We fill this gap by providing manual cell annotations, which are modifiable, across many cancer types spanning solid tumor and hematolymphoid as well as normal lymph node and tonsil tissue (Fig. 1). We provide annotations spanning 3 imaging platforms and over 40 antibody markers to assist in building and benchmarking segmentation algorithms robust against multiplex staining and detection methods (Table 1). Both whole cell and nuclear annotations are provided to allow for more granular segmentation of cellular compartments. To account for variation in imaging platforms, we provide annotations on tissue acquired via sequential immunofluorescence (IF) with unmixing (via Akoya Vectra 3.0), sequential IF with narrowband capture (via Ultivue InSituPlex with Zeiss Axioscan image capture) and cyclical IF with narrowband capture (via Akoya CODEX). While advantages and disadvantages of these platforms are described elsewhere6, differences in staining and scanning technologies can introduce small morphological differences in digitized images which segmentation algorithms need to be robust against.

Fig. 1
figure 1

(A) Cellular annotation is performed starting from pathology slides which have been stained for a variety of markers with multiplexed imaging platforms. The images are then annotated and reviewed by 2 pathologists to create consensus annotations. (B) Data summary stratified by multiplexed imaging platform.

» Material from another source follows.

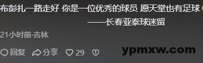 这个评论还是长春亚泰的球迷评论的,可见布彭扎的意外离世对足球界来说是多么大的损失。
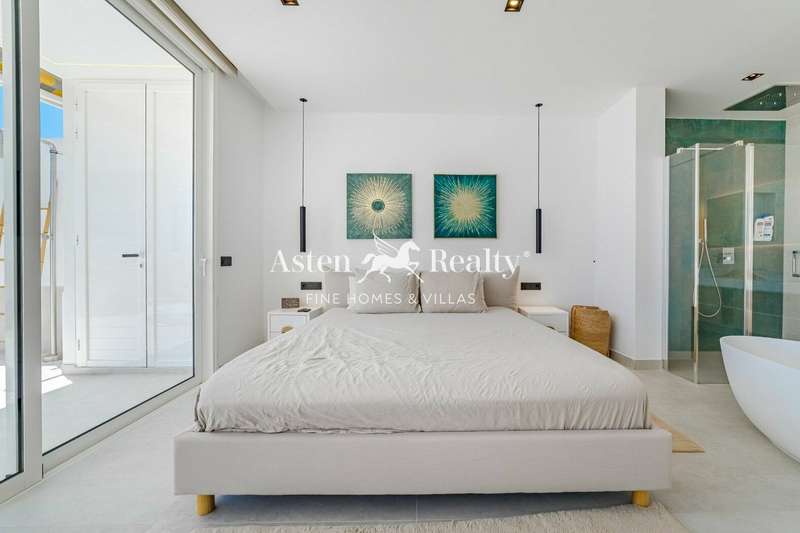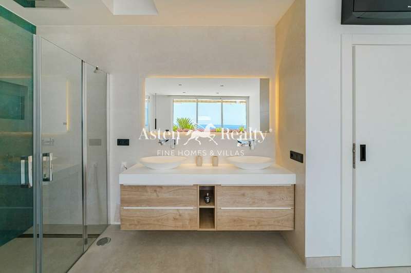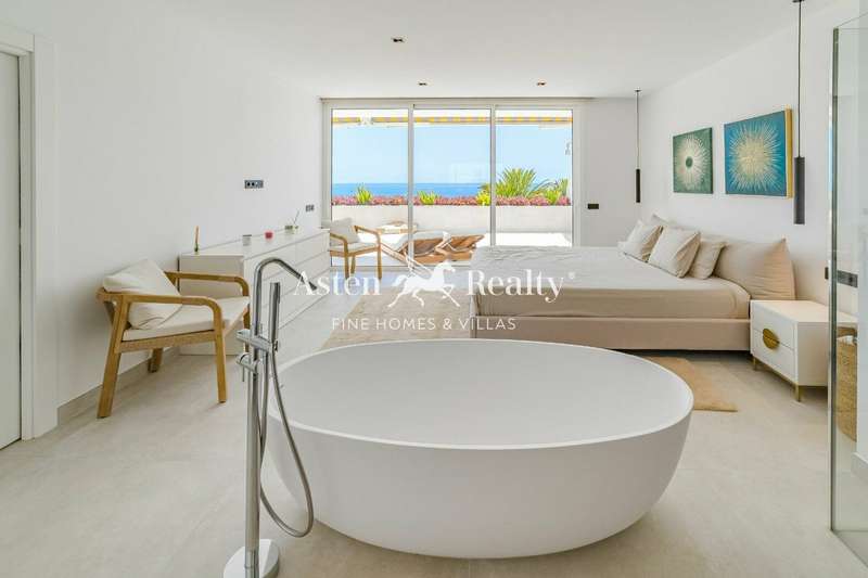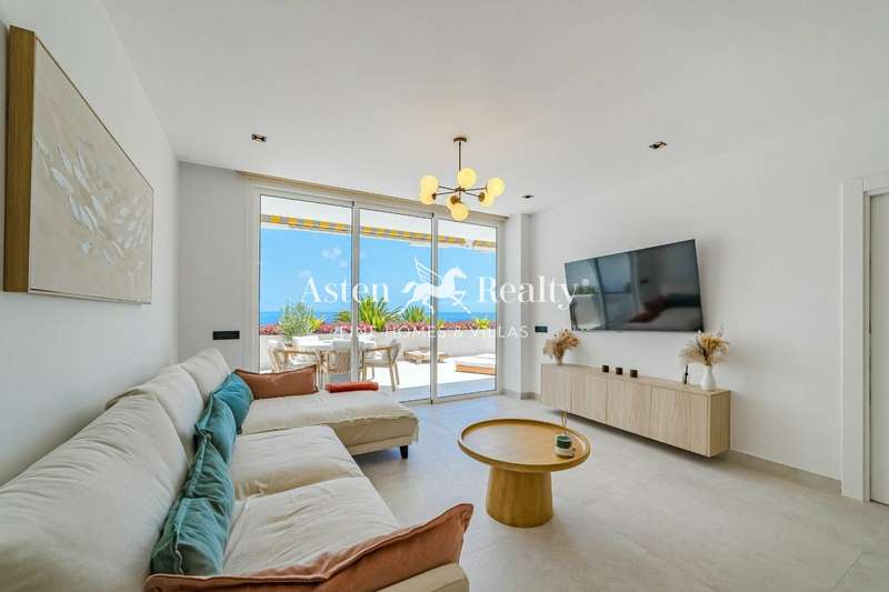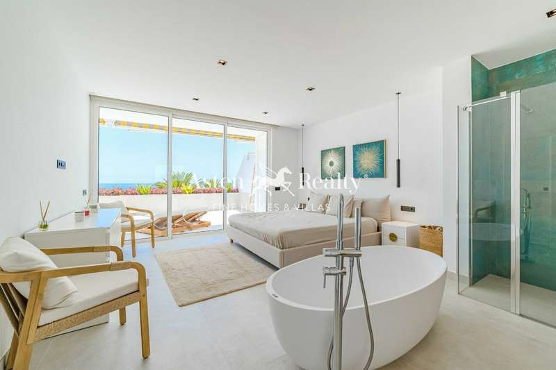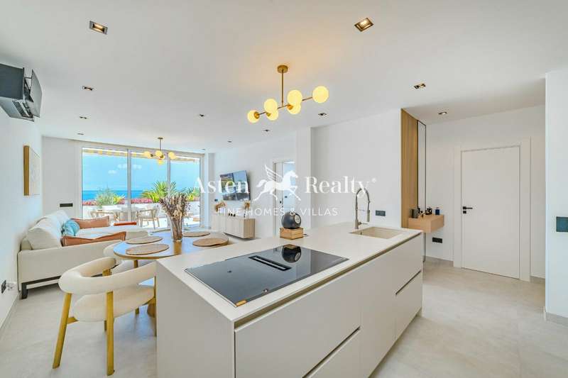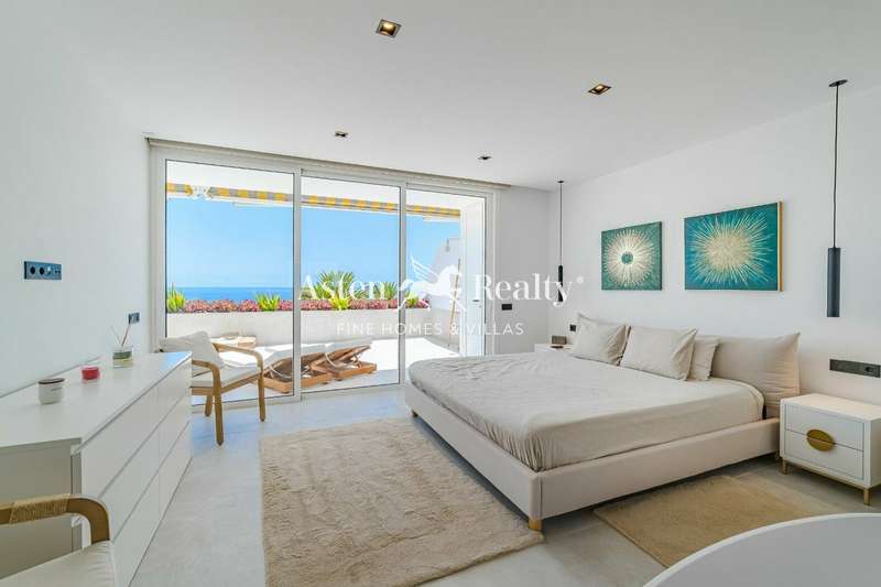 The private terrace is the perfect place to enjoy the stunning panoramic sea views, while the communal pool invites you to relax in a privileged setting.

Table 1 Markers and annotated tissue types, stratified by detection method.

In creating a cellular annotation dataset, consistency must be maintained. A typical cross section of tissue is the extraction of a 2-dimensional tissue section at a particular thickness from a 3-dimensional tissue volume. As a result, cells are not consistently sectioned in a particular orientation or plane. Additionally, a section could potentially encompass two cells which are overlapping or fragments of cells or cell processes thereby leading to partial cell representations and overlapping cells (Fig. 2).

Fig. 2
figure 2

Example image area from lung adenocarcinoma tissue including: multichannel image and corresponding nuclear channel (top), example of overlapping cells with corresponding nuclear channel (middle) and example of overlapping nuclei with corresponding annotated nuclear channel (bottom).

We present a set of adaptable manual annotations which have been individually assessed for quality and accuracy by several experts. We consistently handle overlapping cells by ensuring that annotations do not have boundaries which overlap. Cell objects consist of instances of whole cell annotations (82,058) or nuclei-only annotations (23,716). A subset of the whole cell annotations contain separate matching nuclear annotations performed on the same image crop. We provide manual and adaptable whole cell and nuclear object annotations across platforms and markers using publicly available annotation software as a resource which can be used to further develop, refine and evaluate cellular segmentation algorithms (Table 2). We also provide corresponding parent images from which the annotated crops are derived.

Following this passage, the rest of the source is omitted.